Wanita haid di bulan Ramadhan
Diharamkan
berpuasa dan diwajibkan mengganti di bulan yang lain. Hal ini berdasar hadits
Mu’adzah : “Saya bertanya kepada ‘Aisyah ra ; “Kenapa wanita haidh
diperintahkan untuk mengqadha puasa dan tidak diperintahkan untuk mengqadha
shalat?”. Maka ‘Aisyah ra berkata; “Apakah engkau seorang Haruri (salah satu
kelompok yang menyimpang)” Saya menjawab; “Saya bukan seorang Haruri, akan
tetapi saya bertanya”. Maka ‘Aisyah ra berkata; “ “Kami mengalami haidh pada
masa Rasulullah SAW , maka kami diperintahkan mengqadha puasa dan tidak
diperintahkan mengqadha shalat” (Riwayat Muslim 1/256/330) Imam Nawawi ketika
menjelaskan hadits diatas berkata; “Kewajiban wanita mengqadha puasa pada bulan
Ramadhan adalah kesepakatan para ‘ulama’ (Syarh Shahih Muslim 1/637) Adapun
hikmah dari hukum ini adalah karena wanita yang sedang haidh akan merasa lemah
karena keluarnya darah yang merupakan unsur kekuatan tubuh, oleh karena itu
diperintahkan untuk menjalankan puasa pada hari lain (Majmu’ Fatawa Ibnu
Taimiyah 25/251). Al Hafidz Ibnu Hajar berkata; “Apabila wanita suci dari haidh
sebelum fajar namun belum mandi junub sampai terbit fajar, lalu ia berniat
puasa, maka puasanya sah “ (Fathul Bari’ 1/299).Hal ini berdasar hadits: “Sesungguhnya
Rasulullah SAW masuk waktu subuh saat beliau masih dalam keadaan junub,
kemudian beliau mandi junub lalu berpuasa” (Riwayat Bukhari 4/123, Muslim 1109,
dari ‘Aisyah ra). Apabila seorang wanita telah berpuasa, akan tetapi ia keluar
haid beberapa saat sebelum waktu berbuka puasa, maka puasanya pada hari itu
tidak sah dan wajib di qadha (Lihat Ad Dima’ Ath Thayyibah, Syeikh Utsaimin
hal.28).
2. Hukum
memakai obat pencegah haid
Mengenai
masalah ini Syeikh Muhammad bin Shalih Al Utsaimin berkata: “Memakai obat
pencegah haid dibolehkan dengan syarat: Pertama;Tidak membahayakan dirinya,
adapun kalau membahayakan maka terlarang sebagaimana firman Allah SWT : “Dan
janganlah kamu menjatuhkan diri sendiri dalam kebinasaan” (Al-Baqarah: 195)

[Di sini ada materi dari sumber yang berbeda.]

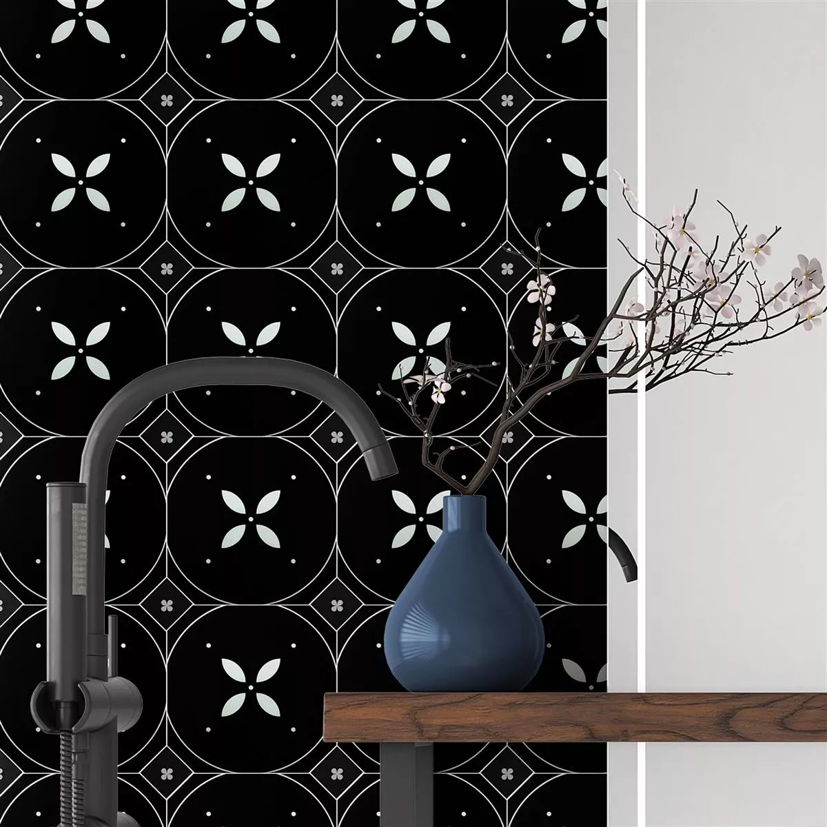 Dodaj odrobinę klasy swoim pokojom dzięki wkładanym płytkom z gresu porcelanowego Genexia Black White Decor 1.
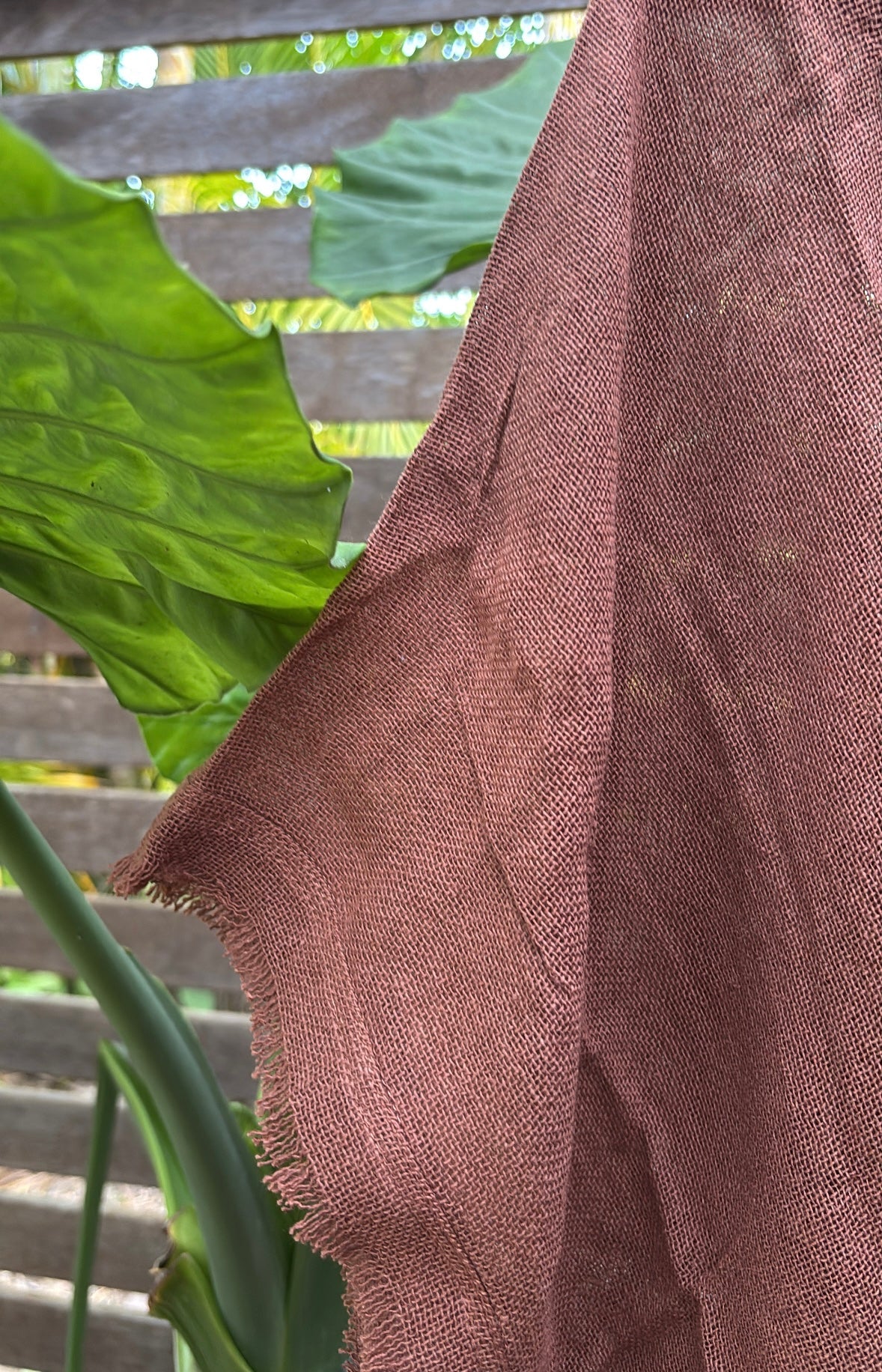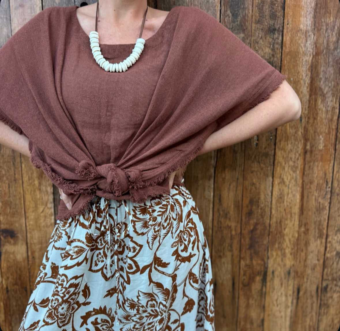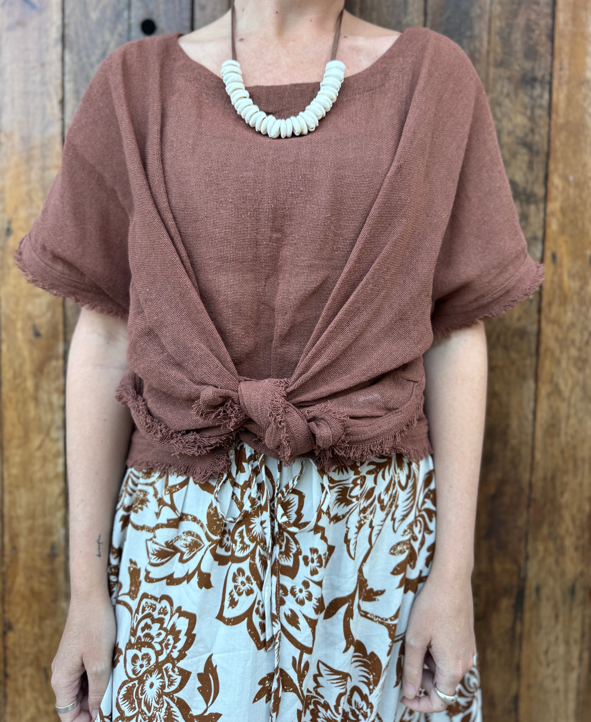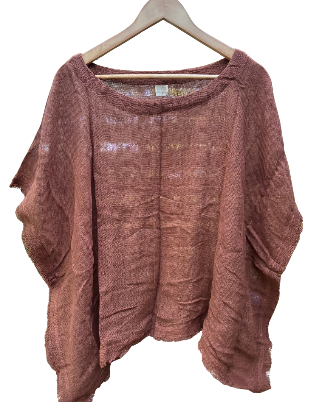 This beautiful throw top is crafted from a luxurious natural fibre, making it both sustainable and eco-friendly. The fine ramie cotton weave allows for breathability and a graceful drape on the body. The versatile wide neckline adds a feminine touch and can be worn off the shoulder for a relaxed boho style. With charming frayed details on the sleeves and bottom hem, and subtle side splits, this top has a rustic, earthy aesthetic.

sedangkan yang kedua; Dengan ijin suami mereka. Namun yang lebih baik bagi
mereka adalah tidak memakainya” (Lihat Ad Dima’ Ath Thayyibah,hal.57). Apabila
wanita yang mengkonsumsi obat pencegah haid tersebut kemudian benar-benar tidak
keluar darah haid, maka wajib baginya berpuasa (Lihat Jami’ Ahkamin Nisa’
1/198, 2/393, Tanbihat, syeikh shaleh Fauzan hal; 35). Berkata Imam Ahmad :
“Tidak mengapa seorang wanita memakai obat pencegah haidh, jika itu obat biasa”
(Al Mughni 1/368).
3. Wanita
istihadhah di bulan Ramadhan
Wanita
istihadhah (pendarahan karena penyakit bukan karena haid atau nifas) wajib
menjalankan puasa sebagaimana wanita suci. Imam Nawawi berkata; “Adapun shalat,
puasa , i’tikaf, membaca Al Qur’an, menyentuh dan membawa mushaf serta sujud
tilawah dan syukur juga kewajiban ibadah lainnya, maka wanita istihadhah sama
dengan wanita suci. Ini adalah ijma’ para ‘ulama’” (Syarh Shahih Muslim 1/631).
4. Wanita
hamil dan menyusui di bulan Ramadhan
Wanita
hamil dan menyusui yang tidak mampu berpuasa atau khawatir dengan kesehatan
anaknya diperbolehkan tidak berpuasa tetapi wajib membayar fidyah dan tidak
wajib mengganti. Bentuk dari fidyah ini adalah memberi makan 1 orang miskin
untuk setiap hari yang ditinggalkan dengan makanan yang mengenyangkan. Waktu
pembayaran fidyah ada beberapa pilihan. Pertama, pada hari itu juga setiap hari
memberi makan 1 orang faqir. Kedua, membayar pada hari terakhir Ramadhan.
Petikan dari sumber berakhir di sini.